Dining Room / January 12, 2018 / Clara Mcclelland.
It’s no secret that open-plan areas are a big hit these days, considering how much potential they add to a home in terms of space and socialising. But even though kitchens and living rooms are by far the most common spaces being designed in open-plan layouts, it’s not uncommon to see a dining area sneaking in here and there.Let’s take a peek examples of open-plan living- and dining rooms, just in case you require some inspiration for your own home.
When there's barely enough room for even a very small dining table, a breakfast bar can be a more practical dining furniture option, which is why we are including bar stools in this guide. Chic, fun and a little less formal than regular 'sit down' chairs, stools put the glamour back into mealtimes and simply tuck away, under the counter, when not in use. They really are ideal for modest homes where every spare inch of space counts.

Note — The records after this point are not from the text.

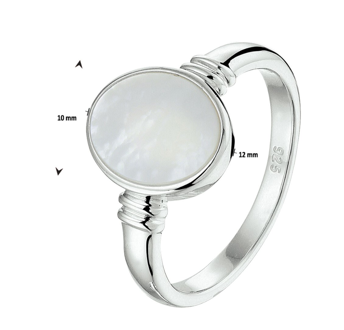 Stijlvolle gerhodineerd zilveren ring met witte parelmoer en een poli afwerking. Info: Gerhodineerd zilver is door de rhodiumlaag beter bestand tegen verkleuren en krassen.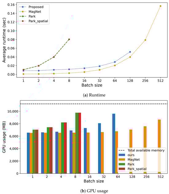 Figure 14a depicts the average runtime per batch size for each method. The figure reveals that the runtime of the proposed method experiences a moderate increase, akin to that of MagNet. However, at a batch size threshold of 256, the proposed method begins to suffer from out-of-memory errors, a problem not encountered by MagNet. This challenge is linked to the volume of model parameters processed by the GPU, as illustrated in Figure 14b. Specifically, the proposed method encompasses 704 parameters, in contrast to MagNet’s 310. Consequently, as depicted in Figure 14b, the proposed method fails to operate at batch sizes starting from 256.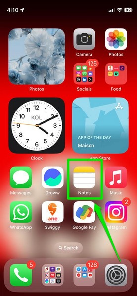 1.Starten Sie dieNotizen-Appauf Ihrem iPhone.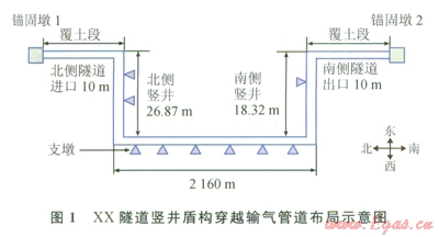 根據(jù)XX隧道穿越管道設(shè)計(jì)資料,隧道穿越的總長(zhǎng)度為2246.7m,隧道內(nèi)全部采用露空與管架支撐形式,在隧道進(jìn)口和出口處分別設(shè)置錨固墩l和錨固墩3,用以截?cái)嗨淼劳夤艿缹?duì)隧道內(nèi)管道的影響。隧道進(jìn)口豎井深度為26.87m,支吊架2個(gè)(第1個(gè)支吊架距隧道進(jìn)口處5.4m),2個(gè)支吊架間距為2.816m;平巷長(zhǎng)度為2160m,平巷內(nèi)設(shè)置支墩,支墩間距為l2m,共設(shè)置支墩l81個(gè);隧道出口豎井深度為18.32m,支吊架l個(gè)(距隧道出口處6.624m);管道彎管處的曲率半徑為6D(D為管道外徑)。管道的材料為L485,管徑為914mm,壁厚為22.2mm,彎管壁厚為23.8mm。根據(jù)式(1)計(jì)算得到試驗(yàn)壓力(pt)為21.2MPa。XX隧道豎井盾構(gòu)穿越輸氣管道具體布局如圖1所示。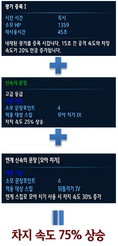 시간의 문장을 함께 적용 시 광기 증폭의 지속시간이 약 20초로 유지 시간이 향상됩니다.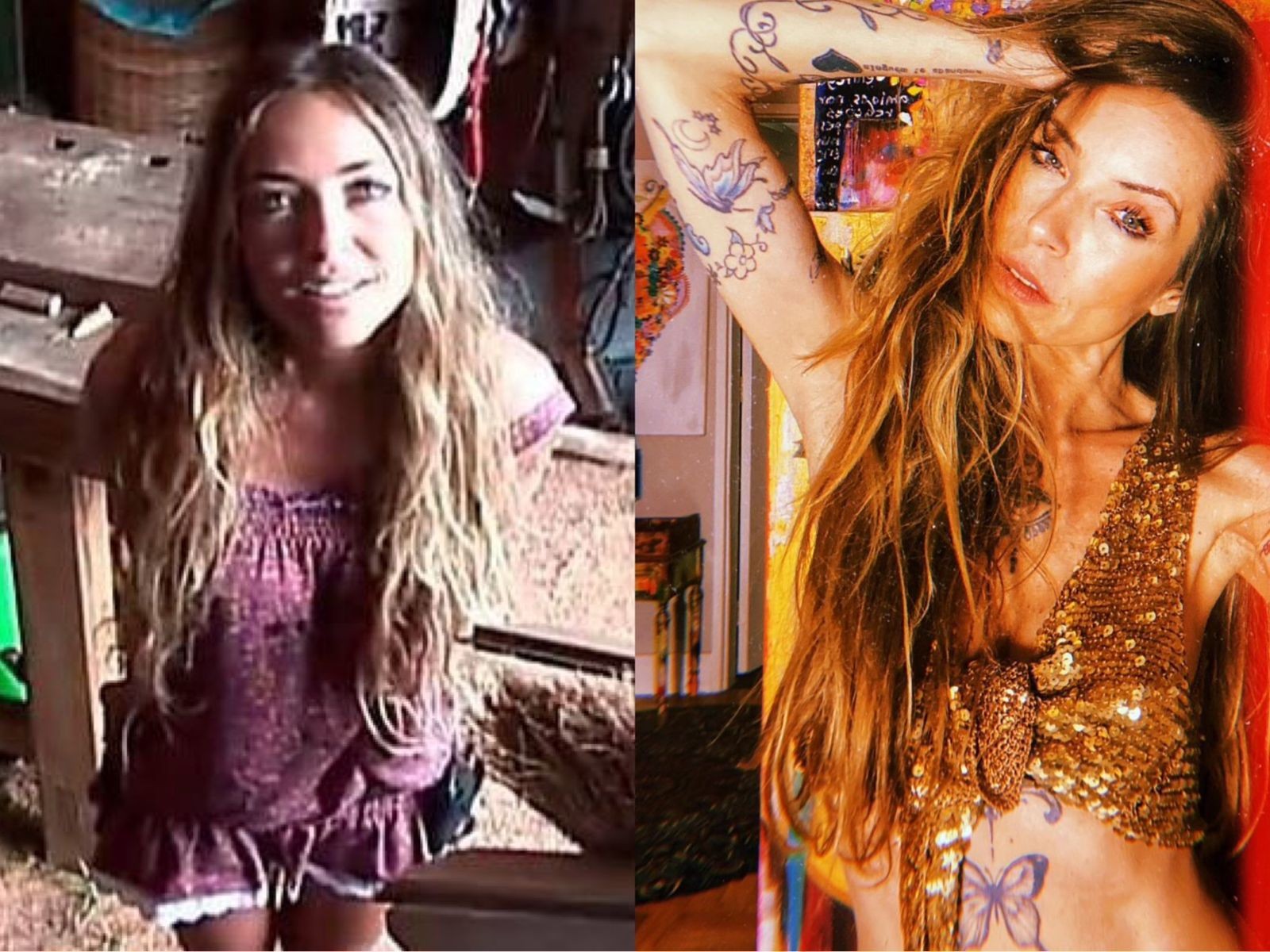 Bárbara Koboldt,que desistiu de "A fazenda" 1,hoje é artista plástica — Foto: Reprodução/ Record e Instagram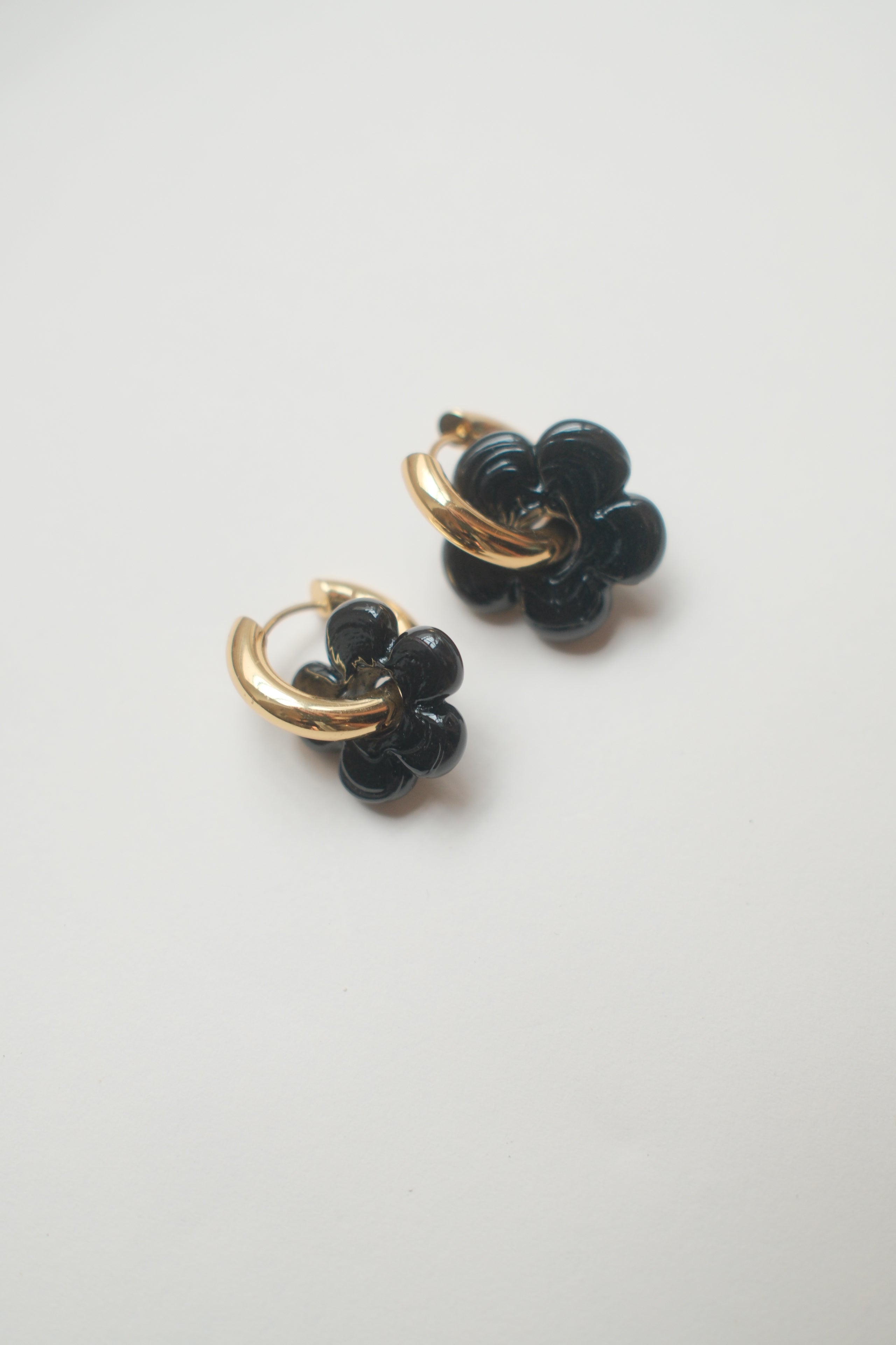 Handmade in Turkey, these glass flowers sit around a 2cm chunky hoop and make the perfect everyday-wear statement earring. Please note, each pair may vary slightly due to the handmade nature of the materials. Approx. 3cm in length.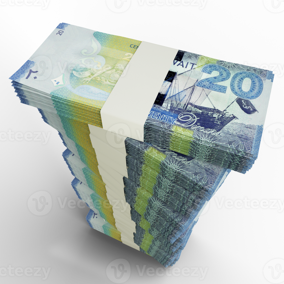 3D rendering of stacks of Kuwaiti dinar notes arranged in a long single column. 3d rendering of bundles of cash Pro PNG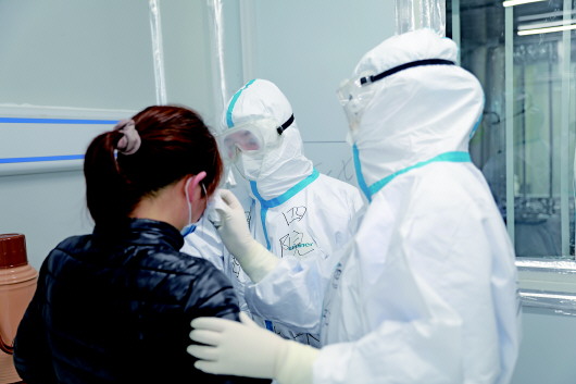 2月16日,在武汉雷神山医院病房,医护人员安慰一名新入院患者。当天,武汉雷神山医院收治新冠肺炎患者100人。 新华社发(高翔摄)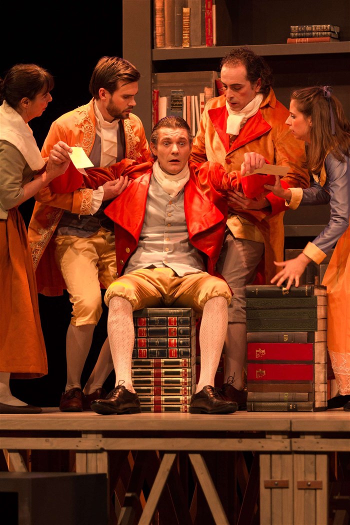 Et trouvent en Monsieur Trissotin un messie pour la Science, dont elles commentent avec passion la moindre ineptie. Seule la cadette Henriette aspire à l'amour sincère plutôt qu'à l'amour de l'étude, ce que sa mère Philaminte entend autrement...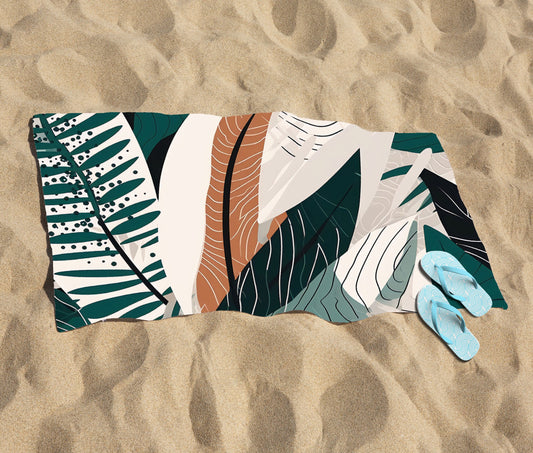 Autumn Tropical Leaves Green Brown Beach Shopper Tote Bag
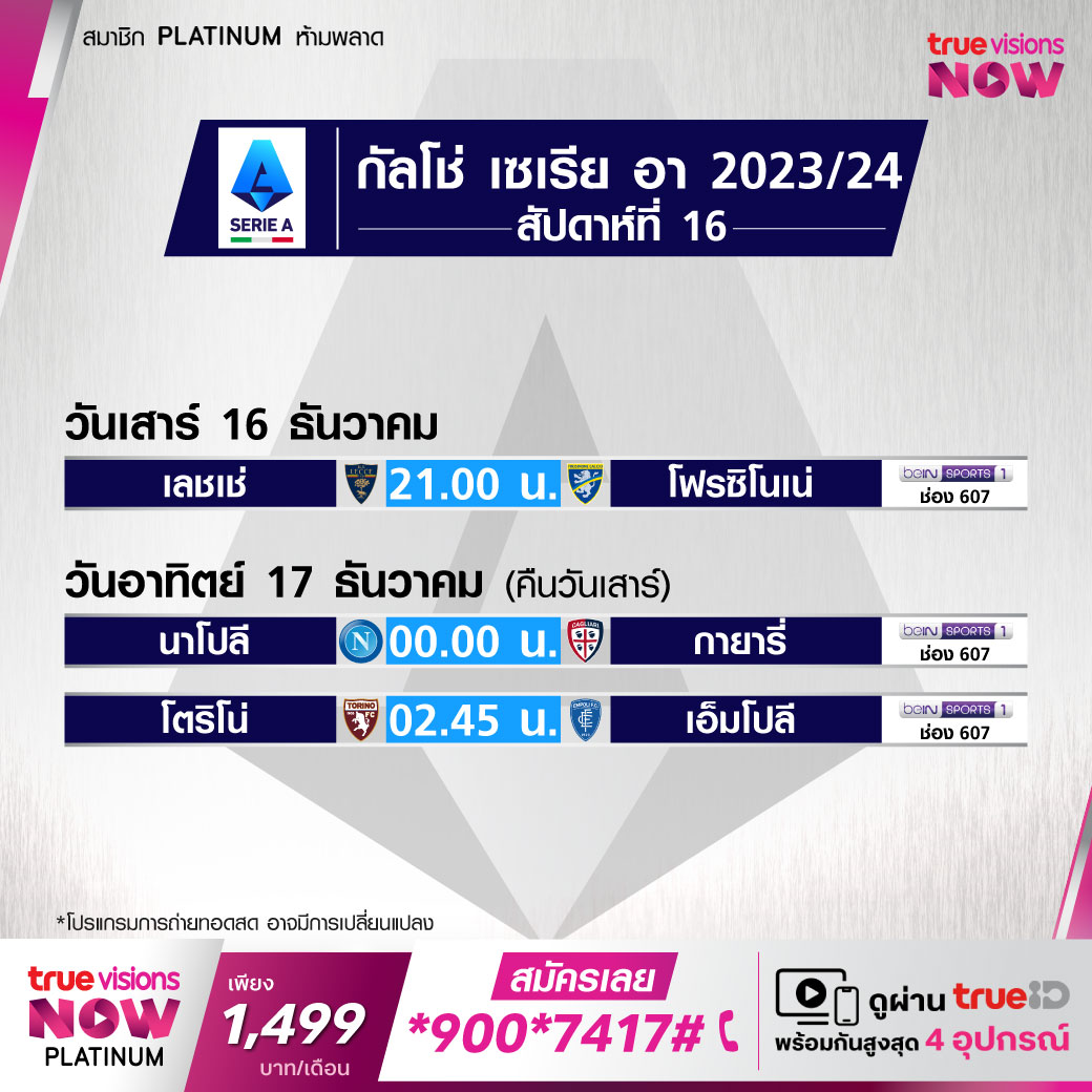 วันนี้มีอะไรดูที่ ทรูวิชั่นส์ ประจำวันเสาร์ที่ 16 ธันวาคม 66 ในส่วนของฟุตบอลยังมีศึกพรีเมียร์ลีก อังกฤษ, กัลโช่ เซเรีย อา อิตาลี, บุนเดสลีกา เยอรมนี, ลา ลีกา สเปน และ ลีก เอิง ฝรั่งเศส ให้ได้ตามเชียร์กันต่อ ส่วนกีฬาอื่นๆ ยังมีกอล์ฟรายการพีเอ็นซี แชมเปี้ยนชิพ, เอเชียนทัวร์ รายการ ซาอุดิ โอเพ่น, ศึกแบดมินตัน บีดับเบิ้ลยูเอฟ รายการ เวิลด์ ทัวร์ ไฟนอลส์, ศึกเวิลด์ สนุกเกอร์ รายการ สกอตติช โอเพ่น, ศึกยูเอฟซี 296, ศึกอเมริกันฟุตบอลเอ็นเอฟแอล และศึกบาสเกตบอลเอ็นบีเอ งานนี้ ทรูวิชั่นส์ จัดเต็มให้ชมกันถึงบ้าน

As mentioned, rectangular tables present a certain advantage in terms of capacity that round- and square ones do not. Imagine having to place all the diners to be seated at this elongated table at a round one – you’d have to have a pretty big round table!. For big dinner parties, it’s best to opt for an elongated/rectangular table, as you get more space for chairs and guests.
For dining chairs that are built to last, there's no better material than oak. One of the strongest, prettiest and most accessible woods currently available, oak can be whittled by any master craftsman, into a fabulous set of dining chairs that will last a lifetime. Because oak is such a beautiful material, it can be turned to represent any design genre to an incredible standard. Contemporary, retro or traditional chairs will always look great in oak, not to mention bench seats.